T he salad looks relatively normal: fried chicken, leafy greens, red cabbage, slices of mandarin, a mango-sesame dressing on the side. But this is no ordinary salad. Getting hold of this particular lunchbox involved staking out a hotel lobby and quick fingers on a delivery app. The prize? Not tickets to a K-pop concert, but one of the world’s first servings of cell-cultured meat.

Our modest serving has been breaded and fried and tastes like a diced chicken schnitzel. With some poking and prodding, the nugget reveals none of the long muscle fibers you would expect to find in a chicken breast. This is perhaps responsible for a slight hint of rubber-ball bounciness, but overall the texture is impressively avian. We’d eat it again.

We have pescatarians, vegans, flexitarians, locavores and of course vegetarians. But what’s the word for those of us who make the choice to eat meat not raised on a farm or slaughtered in an abattoir, but grown in a lab? Perhaps the “cytovore”, consumer of cells.

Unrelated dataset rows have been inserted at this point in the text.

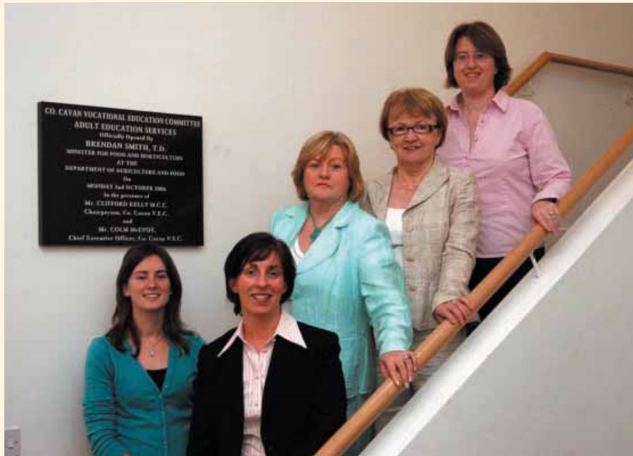
County Cavan Vocational Education Committee - Adult Education staff
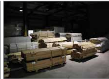
MOULDING AND TRIM
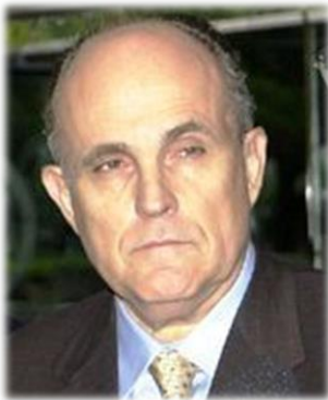
The Hon. Rudy Giuliani

“And the senator sat down and collected himself. Then he walked over to that pile of shoes and he dug through all these shoes until he found his pair. He put them on and he sat there for a minute, looked around, and you could tell he was getting angry and he rushed out of the room and he was running like a sprinter's pace to get out of there.”
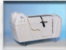
Side Entry Tubs

It sounds like science fiction, but it’s not. In Singapore, the US company Eat Just gained approval to sell its nuggets of lab-grown chicken to consumers in December 2020. Under the brand name “Good Meat”, Eat Just rolled out its first products at an exclusive social club. Diners sample a bao with sesame chicken and pickled cucumber and a maple waffle served with chicken nuggets.